Ayuso, the public and the Complutense

I spent five years in the Faculty of Information Sciences at the Complutense University and I cannot remain silent about what happened yesterday in that horrible concrete building that has formed so many illustrious journalists.

Thomas Osborne
Thomas Osborne
30 January 2023 Monday 14:06
8 Reads
Ayuso, the public and the Complutense

I spent five years in the Faculty of Information Sciences at the Complutense University and I cannot remain silent about what happened yesterday in that horrible concrete building that has formed so many illustrious journalists. Journalists of the real ones, of those who magnify the profession. Yes, I am proud to have studied there.

The social networks burned yesterday with what happened and demonstrated once again that each user can configure their own reality depending on the prism with which everything is looked at.

Elisa Lozano, the student with the best record in journalism and audiovisual communication (9.28) last year, asked in the presence of the president of the Community of Madrid: "Is Mrs. Ayuso doing something for us?" I think the question is appropriate: are the rulers doing something for us? Think about the answer and vote accordingly in May and in December.

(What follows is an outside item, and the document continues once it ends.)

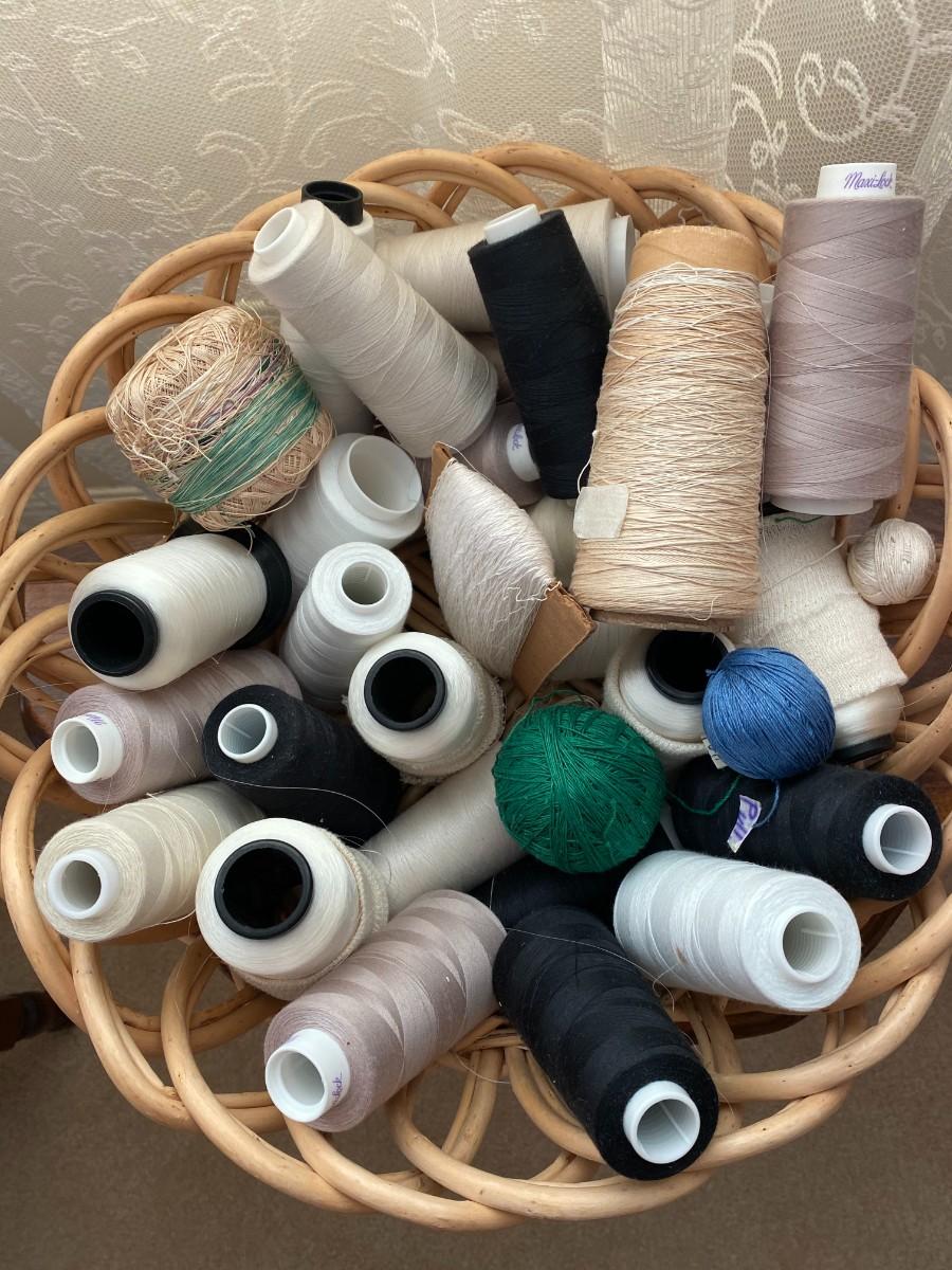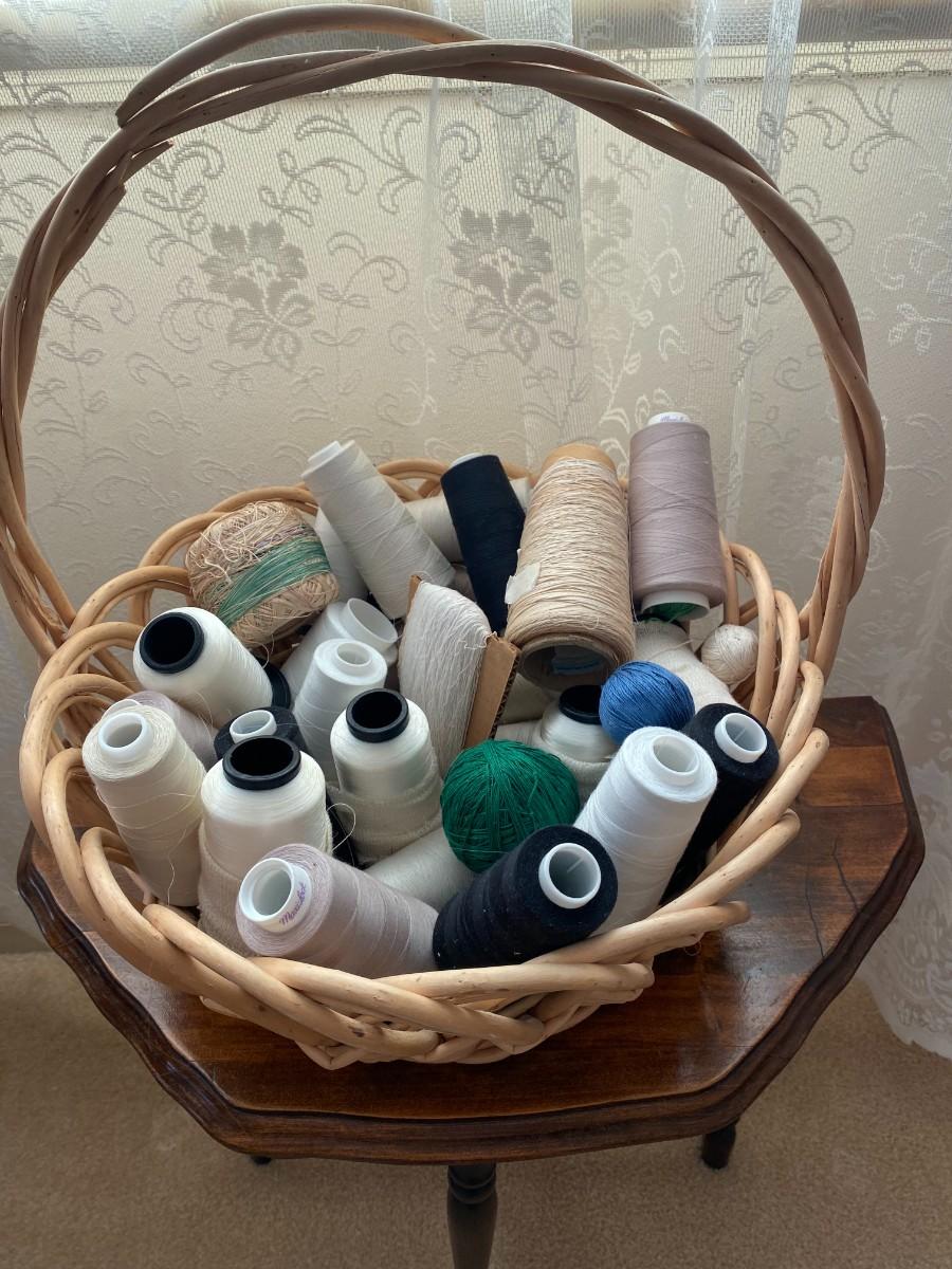 Large basket of sewing machine thread, basket included. Basket is approx. 15-1/2" W.

Go ahead that any democrat should repudiate the escraches. Harassment is not acceptable, especially in a place where freedom should always prevail. But the rector was not fine considering Díaz Ayuso "illustrious" of the public university center in Madrid by reference. I can think of several "illustrious" from those four walls, from teachers to janitors, and I don't think inviting a politician who is gambling the elections in four months is the most appropriate. The public thing is, precisely, to think of the one below and treat him as the one above. The rest is politics.

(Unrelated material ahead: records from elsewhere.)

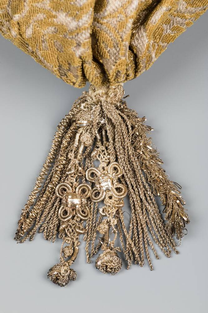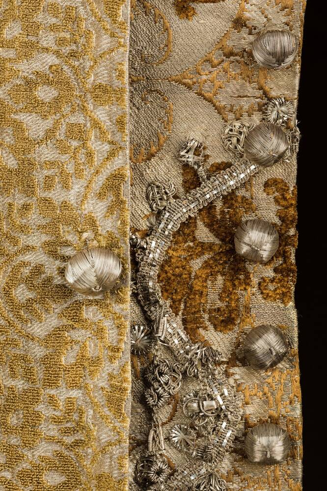 - Oberstoff: Samt unaufgeschnitten, Silberbrokat (Seide, Silberfäden und -gespinste), Leder; Knöpfe: Holz mit Silbergespinst
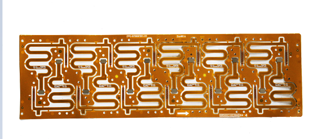 型 號:RM01C00187A層 數(shù):1板 厚:0.12mm材 料:單面有膠電解銅 厚:1/2 OZ表面處理:沉金2微英寸最小線寬/線距:0.1mm/0.08mm特 點(diǎn):外形復(fù)雜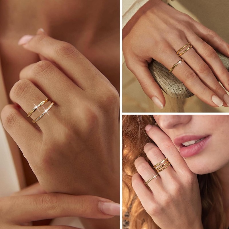 - Gold stacking rings: petite gold stacking rings for women set comes with 4 pieces rings in different designs. Gold and silver colours to choose from. Women's gold rings that do not tarnish are simple and fashionable. Stackable rings are suitable for most people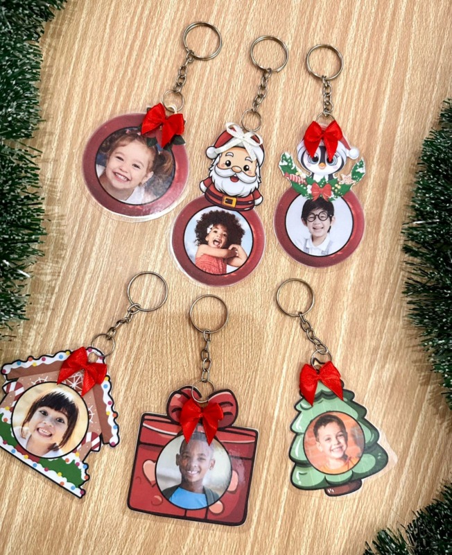 📎 Arquivo com 6 modelos de chaveiros tema Natal, todos com a opção de personalizar com a foto da criança, tornando a lembrancinha ainda mais especial e única.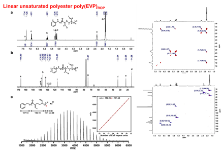 进一步,作者通过核磁1H,13C,1H−1H COSY、1H−13C HSQC和DEPT谱图,以及MALDI-TOF MS(图4)对线性poly(EVP)ROP聚酯的结构进行了表征。由此证明开发了一种具有两种不同不饱和官能团的CO2基聚酯。

Who was fine yesterday was the actor Antonio de la Torre and the tweeters recognized him. "Freedom for me is having the resources to think for myself," said the journalist. “I was able to study because public education exists. Those who make public education possible deserve to be illustrious workers,” he concluded. touche .

I think De la Torre hit the nail on the head because in Madrid there is not a commitment to the public as it should. I am outraged by requesting a medical appointment for my parents, now elderly, and who will not have the chance to be seen by their doctor for another two weeks. And if it's already late? It annoys me more if possible the families that have to wait more than a year to receive a euro from the Dependency law. I repeat, more than a year. I think there is no need to continue.

Of course there are other places where the same thing happens with the public. It is the argument that I always hear when I denounce these things. But I am also clear that whoever thinks that everything works well in Madrid is because they do not suffer from it.